## Required action
Print the data below exactly, but only the lines from the one containing "La galerie davel 14" down to the one containing "Ilustración 17", inclusive.

## The data
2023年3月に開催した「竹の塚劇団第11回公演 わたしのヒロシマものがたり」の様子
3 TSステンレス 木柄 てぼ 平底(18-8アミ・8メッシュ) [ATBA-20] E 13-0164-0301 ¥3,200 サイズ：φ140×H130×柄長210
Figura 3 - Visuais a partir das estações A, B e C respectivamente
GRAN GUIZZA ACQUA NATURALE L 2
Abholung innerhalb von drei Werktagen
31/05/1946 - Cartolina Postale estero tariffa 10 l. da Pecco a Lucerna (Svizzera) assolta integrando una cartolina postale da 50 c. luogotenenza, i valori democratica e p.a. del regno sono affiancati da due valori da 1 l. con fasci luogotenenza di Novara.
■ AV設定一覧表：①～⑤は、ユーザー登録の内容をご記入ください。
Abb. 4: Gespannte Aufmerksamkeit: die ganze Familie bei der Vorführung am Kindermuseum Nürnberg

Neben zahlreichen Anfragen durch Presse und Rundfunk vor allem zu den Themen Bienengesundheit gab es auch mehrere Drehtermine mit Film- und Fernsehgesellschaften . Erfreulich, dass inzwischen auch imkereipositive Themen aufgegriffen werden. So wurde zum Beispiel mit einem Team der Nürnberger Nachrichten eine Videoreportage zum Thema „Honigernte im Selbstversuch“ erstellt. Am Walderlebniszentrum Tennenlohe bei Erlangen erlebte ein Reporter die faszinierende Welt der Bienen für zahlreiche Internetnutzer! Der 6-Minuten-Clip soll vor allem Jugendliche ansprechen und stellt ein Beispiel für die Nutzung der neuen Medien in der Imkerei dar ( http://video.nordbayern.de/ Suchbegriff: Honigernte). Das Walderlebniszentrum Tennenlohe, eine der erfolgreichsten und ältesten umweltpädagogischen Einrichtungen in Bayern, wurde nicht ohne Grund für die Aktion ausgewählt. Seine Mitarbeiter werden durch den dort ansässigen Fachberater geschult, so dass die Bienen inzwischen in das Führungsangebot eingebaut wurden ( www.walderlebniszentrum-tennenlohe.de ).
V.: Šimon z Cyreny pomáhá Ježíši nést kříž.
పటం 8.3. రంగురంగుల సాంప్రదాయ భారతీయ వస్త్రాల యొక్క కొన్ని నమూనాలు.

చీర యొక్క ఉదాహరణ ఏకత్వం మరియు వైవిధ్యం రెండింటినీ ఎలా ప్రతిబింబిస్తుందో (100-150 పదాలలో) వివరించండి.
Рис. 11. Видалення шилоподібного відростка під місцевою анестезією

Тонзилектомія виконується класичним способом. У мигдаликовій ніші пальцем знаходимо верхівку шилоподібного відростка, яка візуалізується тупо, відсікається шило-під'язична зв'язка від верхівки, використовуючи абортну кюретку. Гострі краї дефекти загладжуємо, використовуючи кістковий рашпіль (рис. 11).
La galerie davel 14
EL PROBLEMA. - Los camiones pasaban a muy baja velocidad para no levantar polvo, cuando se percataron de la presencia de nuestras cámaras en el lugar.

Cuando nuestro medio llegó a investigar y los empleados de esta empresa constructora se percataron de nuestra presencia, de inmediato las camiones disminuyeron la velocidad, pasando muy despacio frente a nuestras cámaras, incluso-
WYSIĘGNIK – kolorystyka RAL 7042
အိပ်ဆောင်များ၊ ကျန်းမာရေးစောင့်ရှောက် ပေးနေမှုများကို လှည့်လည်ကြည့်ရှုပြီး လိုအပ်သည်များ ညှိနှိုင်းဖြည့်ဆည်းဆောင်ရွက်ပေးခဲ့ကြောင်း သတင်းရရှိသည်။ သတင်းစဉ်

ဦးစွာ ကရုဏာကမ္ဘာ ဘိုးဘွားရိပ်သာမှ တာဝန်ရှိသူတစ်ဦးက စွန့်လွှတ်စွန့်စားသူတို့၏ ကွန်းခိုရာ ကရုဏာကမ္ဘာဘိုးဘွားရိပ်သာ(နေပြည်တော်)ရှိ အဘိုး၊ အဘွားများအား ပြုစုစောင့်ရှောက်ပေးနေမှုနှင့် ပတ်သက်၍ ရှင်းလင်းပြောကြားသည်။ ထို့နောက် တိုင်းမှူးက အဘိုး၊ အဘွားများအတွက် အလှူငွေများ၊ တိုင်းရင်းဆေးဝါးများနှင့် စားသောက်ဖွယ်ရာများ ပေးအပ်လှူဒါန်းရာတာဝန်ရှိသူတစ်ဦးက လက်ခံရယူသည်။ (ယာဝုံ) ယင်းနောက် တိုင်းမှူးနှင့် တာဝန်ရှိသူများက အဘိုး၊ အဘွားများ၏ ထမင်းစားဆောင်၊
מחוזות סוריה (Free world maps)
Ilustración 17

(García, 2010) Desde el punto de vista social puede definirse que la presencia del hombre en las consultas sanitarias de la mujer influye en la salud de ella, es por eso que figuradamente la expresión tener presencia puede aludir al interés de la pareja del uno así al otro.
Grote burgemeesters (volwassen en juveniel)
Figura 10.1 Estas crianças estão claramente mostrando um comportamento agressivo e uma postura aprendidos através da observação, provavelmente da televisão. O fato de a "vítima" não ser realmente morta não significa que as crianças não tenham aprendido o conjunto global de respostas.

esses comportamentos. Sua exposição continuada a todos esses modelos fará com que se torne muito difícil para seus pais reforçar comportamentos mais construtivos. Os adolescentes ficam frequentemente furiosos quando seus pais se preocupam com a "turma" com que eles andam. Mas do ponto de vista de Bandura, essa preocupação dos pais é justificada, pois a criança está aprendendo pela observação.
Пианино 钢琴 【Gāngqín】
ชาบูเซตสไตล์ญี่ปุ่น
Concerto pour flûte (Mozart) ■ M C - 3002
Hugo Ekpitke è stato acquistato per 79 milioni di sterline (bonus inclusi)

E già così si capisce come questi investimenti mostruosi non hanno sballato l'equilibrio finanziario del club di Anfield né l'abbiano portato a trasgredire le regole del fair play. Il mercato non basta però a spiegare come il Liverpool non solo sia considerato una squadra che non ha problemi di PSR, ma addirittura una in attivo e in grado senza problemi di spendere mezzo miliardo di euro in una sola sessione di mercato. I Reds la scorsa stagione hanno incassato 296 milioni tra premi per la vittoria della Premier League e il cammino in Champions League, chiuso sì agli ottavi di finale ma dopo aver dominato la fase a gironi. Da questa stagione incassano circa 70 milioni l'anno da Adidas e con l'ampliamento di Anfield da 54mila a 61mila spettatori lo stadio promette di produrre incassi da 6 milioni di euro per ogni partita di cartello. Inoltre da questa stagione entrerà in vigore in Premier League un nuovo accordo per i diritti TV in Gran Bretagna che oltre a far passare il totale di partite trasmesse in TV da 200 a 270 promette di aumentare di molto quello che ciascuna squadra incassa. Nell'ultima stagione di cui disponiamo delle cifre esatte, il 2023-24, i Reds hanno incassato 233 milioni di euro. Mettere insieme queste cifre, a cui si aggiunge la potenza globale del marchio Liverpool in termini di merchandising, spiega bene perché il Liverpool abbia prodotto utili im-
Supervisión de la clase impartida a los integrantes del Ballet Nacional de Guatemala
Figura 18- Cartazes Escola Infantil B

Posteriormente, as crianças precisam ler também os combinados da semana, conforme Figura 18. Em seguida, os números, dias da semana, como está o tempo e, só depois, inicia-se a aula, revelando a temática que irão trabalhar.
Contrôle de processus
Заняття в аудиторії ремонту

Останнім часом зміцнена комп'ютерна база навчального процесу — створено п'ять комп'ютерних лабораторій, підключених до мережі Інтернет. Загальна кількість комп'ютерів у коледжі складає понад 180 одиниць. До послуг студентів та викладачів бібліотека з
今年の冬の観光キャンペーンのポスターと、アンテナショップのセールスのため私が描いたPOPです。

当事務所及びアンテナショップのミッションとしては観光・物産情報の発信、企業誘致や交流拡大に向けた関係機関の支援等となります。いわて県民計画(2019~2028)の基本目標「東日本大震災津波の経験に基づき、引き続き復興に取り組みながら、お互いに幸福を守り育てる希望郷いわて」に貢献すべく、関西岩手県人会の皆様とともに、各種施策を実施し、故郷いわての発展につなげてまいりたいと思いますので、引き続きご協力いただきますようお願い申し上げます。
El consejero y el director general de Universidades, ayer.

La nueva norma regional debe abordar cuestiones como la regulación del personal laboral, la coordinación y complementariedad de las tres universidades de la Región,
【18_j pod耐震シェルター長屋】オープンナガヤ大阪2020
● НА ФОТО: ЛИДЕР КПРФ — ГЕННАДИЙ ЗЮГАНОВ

## Problem solution
La galerie davel 14
EL PROBLEMA. - Los camiones pasaban a muy baja velocidad para no levantar polvo, cuando se percataron de la presencia de nuestras cámaras en el lugar.

Cuando nuestro medio llegó a investigar y los empleados de esta empresa constructora se percataron de nuestra presencia, de inmediato las camiones disminuyeron la velocidad, pasando muy despacio frente a nuestras cámaras, incluso-
WYSIĘGNIK – kolorystyka RAL 7042
အိပ်ဆောင်များ၊ ကျန်းမာရေးစောင့်ရှောက် ပေးနေမှုများကို လှည့်လည်ကြည့်ရှုပြီး လိုအပ်သည်များ ညှိနှိုင်းဖြည့်ဆည်းဆောင်ရွက်ပေးခဲ့ကြောင်း သတင်းရရှိသည်။ သတင်းစဉ်

ဦးစွာ ကရုဏာကမ္ဘာ ဘိုးဘွားရိပ်သာမှ တာဝန်ရှိသူတစ်ဦးက စွန့်လွှတ်စွန့်စားသူတို့၏ ကွန်းခိုရာ ကရုဏာကမ္ဘာဘိုးဘွားရိပ်သာ(နေပြည်တော်)ရှိ အဘိုး၊ အဘွားများအား ပြုစုစောင့်ရှောက်ပေးနေမှုနှင့် ပတ်သက်၍ ရှင်းလင်းပြောကြားသည်။ ထို့နောက် တိုင်းမှူးက အဘိုး၊ အဘွားများအတွက် အလှူငွေများ၊ တိုင်းရင်းဆေးဝါးများနှင့် စားသောက်ဖွယ်ရာများ ပေးအပ်လှူဒါန်းရာတာဝန်ရှိသူတစ်ဦးက လက်ခံရယူသည်။ (ယာဝုံ) ယင်းနောက် တိုင်းမှူးနှင့် တာဝန်ရှိသူများက အဘိုး၊ အဘွားများ၏ ထမင်းစားဆောင်၊
מחוזות סוריה (Free world maps)
Ilustración 17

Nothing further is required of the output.